In the wake of that minor catastrophe, Monroe bounced around. He landed a volunteer show on KUT, but lost the slot when he opted to attend a Bob Dylan concert and sent a tape to the station in his stead. He was even victimized by a format change a second time; he did the last shift at KHFI before it switched to the short-lived Disco 98. It is by no means unique to be displaced in radio by a format change. It's par for the course. In fact, there have been two such changes in Austin in the last month, but Monroe wasn't just looking for a job in radio, he was looking for a job in radio where he could do his show. On March 1, 1981, he found it -- at KUT.
"One of the things that disturbed me most about the radio I listened to was the randomness of it," says Monroe. "I would be so jarred when an element would change and it just shouldn't be there. What I wanted to figure out was how to make the transitions smooth."
To do that, Monroe began looking for a connection -- lyrically, musically -- between the songs so that one dovetailed perfectly into the next. It was free-form radio in the sense that what got played was not determined by a computer generated format, but neither was it purely random. Better to call it free-form, thematic radio. Monroe played what he wanted, but it was predicated upon making the appropriate segue from song to song.

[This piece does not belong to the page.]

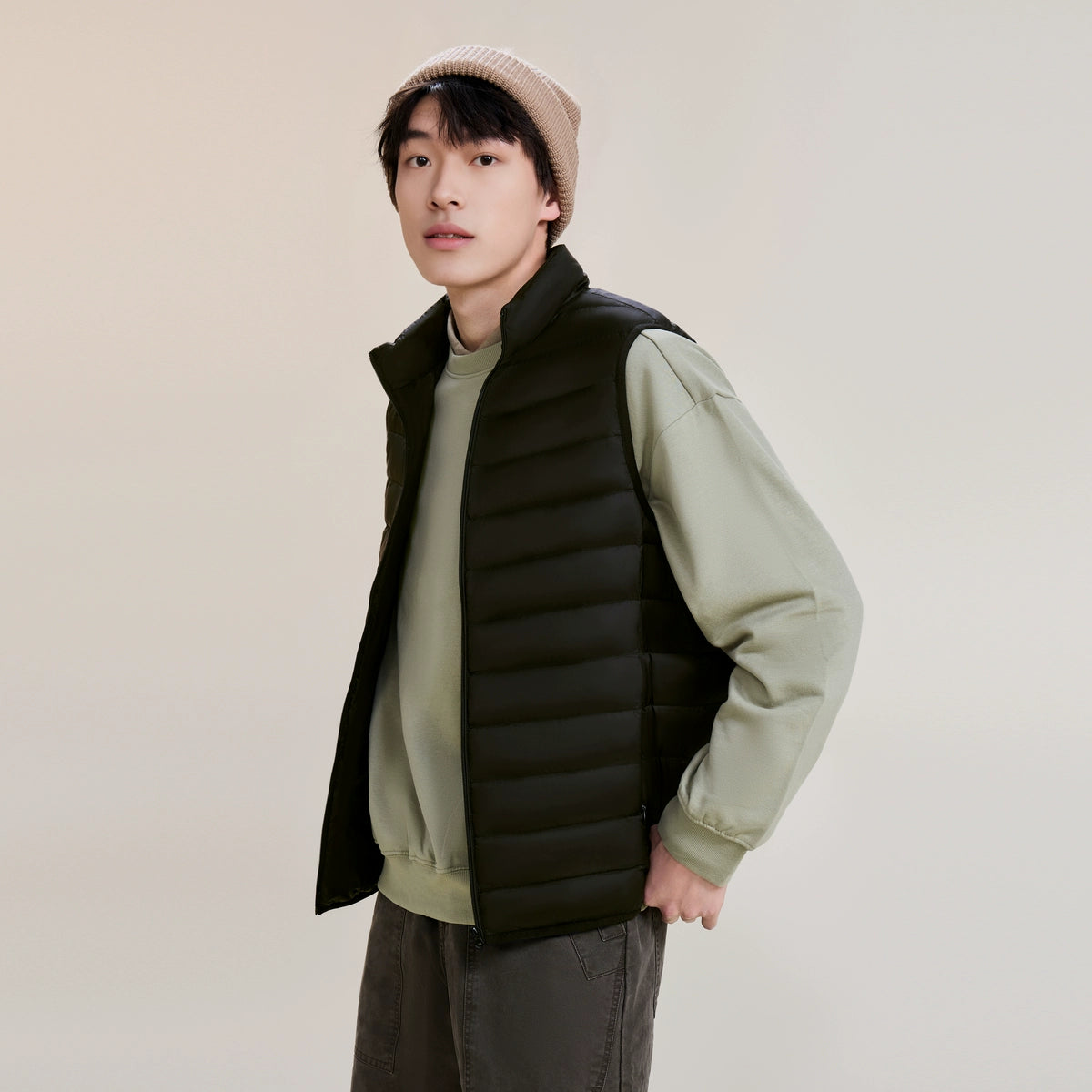 Hidden pockets and a smooth zipper design add functional convenience, while the three-layer construction integrates a smooth outer, a down-proof middle, and a comfortable inner lining, ensuring both warmth and comfort.

"I mostly found out that when I got in trouble at radio stations, it was my mouth that got me in trouble," admits Monroe. "It was almost never the records. So, I figured out how to say anything I wanted to say. And in the early days a lot of it was political; it was Vietnam, it was the Chicago Seven, it was Nixon, and it was Watergate. I figured out how to say anything I wanted to say with the records so I wouldn't get in trouble with my mouth."

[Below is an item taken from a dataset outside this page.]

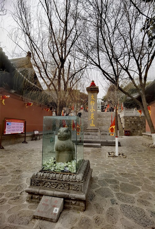 这次到河南云台山去看冰瀑,回程时顺便去了圆融寺。圆融寺在焦作市的边上,比较偏。我去的时候,正好刮大风,黄尘铺天盖地吹过来,但刮到寺庙前的停车场就不走了。

That's another thing Monroe does, or doesn't do -- talk. He rarely speaks during his stints on the air, usually waiting until the end of an hour to do the back announcements. Instead, he relies on the music to take him where he wants to go, or take him wherever it leads, as Monroe works mostly on the fly. When one song starts, he has about a two-and-a-half to four-and-a-half minute window to figure out what goes next -- to decide what picks up the lyrical thread, or what seems to fit next naturally. Sometimes, he detours from a given trajectory so quickly that he finds himself wondering how he got where he did. Still, it makes for radio that holds your attention in a way that commercial radio can't.
Ask any radio consultant and they will tell you that people use radio for 10 minutes at a time if you can hold them for that long. Yet instead of asking, "What else is on?" Monroe's listeners ask, "What's next?" because rather than pandering to a number and programming to it, Monroe gets his audience involved. He has them not only listening but thinking. Many times a listener, hip to whatever puzzle Monroe is trying to piece together, calls suggesting what to play next only to find out Monroe already had that very song loaded into the CD player, ready for the air.

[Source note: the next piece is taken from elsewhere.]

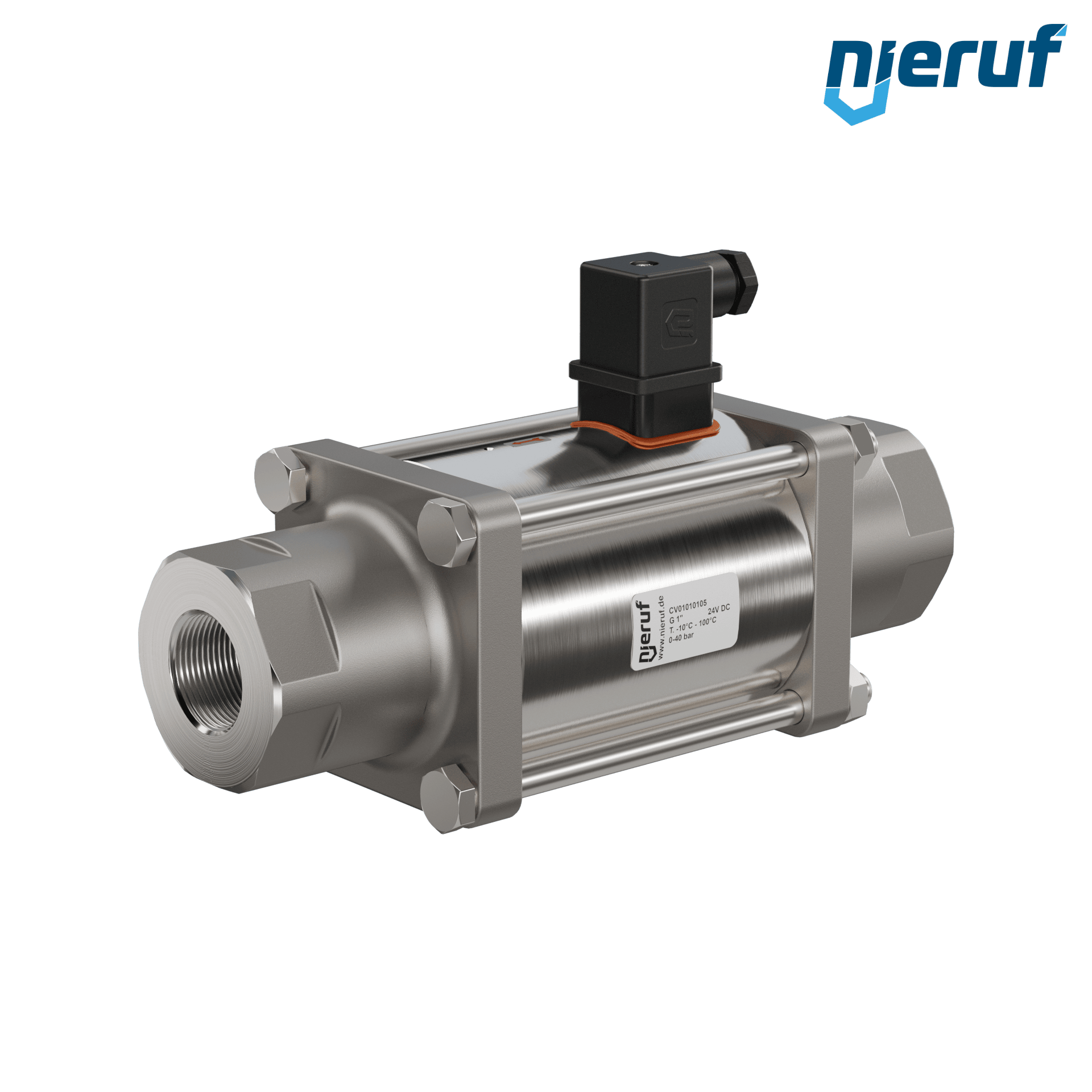 2/2 - drogowy zawór współosiowy 1" cal gwint wewnętrzny z mosiądzu, sterowany bezpośrednio do maks. 40 bar, NO - normalnie otwarty, napięcie 24V DC

"People really do consider the radio in many ways more of a friend than a machine," posits Monroe.
Rather than exploit that fact, Monroe respects it. And that may be what really defines Monroe. Part relic, part idyllic throwback to an era barely passed, Monroe has made it his life to be that friend, and play records like one, not like a machine.
"I've never regretted it," says Monroe of his career choice. "I have never one time regretted it. I have suffered from it in some ways, and mostly financially. I wouldn't say I've suffered in any ways others than financially and psychologically dealing with what you have to deal with to live as close to the edge as I had to live for years. I would much rather be full-time, have a house with a library, have a garage.
"But it was the choice I made. I wanted to keep doing radio and do it my way. And once I got into the position where I could do it this way, a lot of the other choices were made for me. I could probably get another job or a supplemental job, but then I wouldn't be able to put the time into the real job."
If only all your friends had that kind of dedication.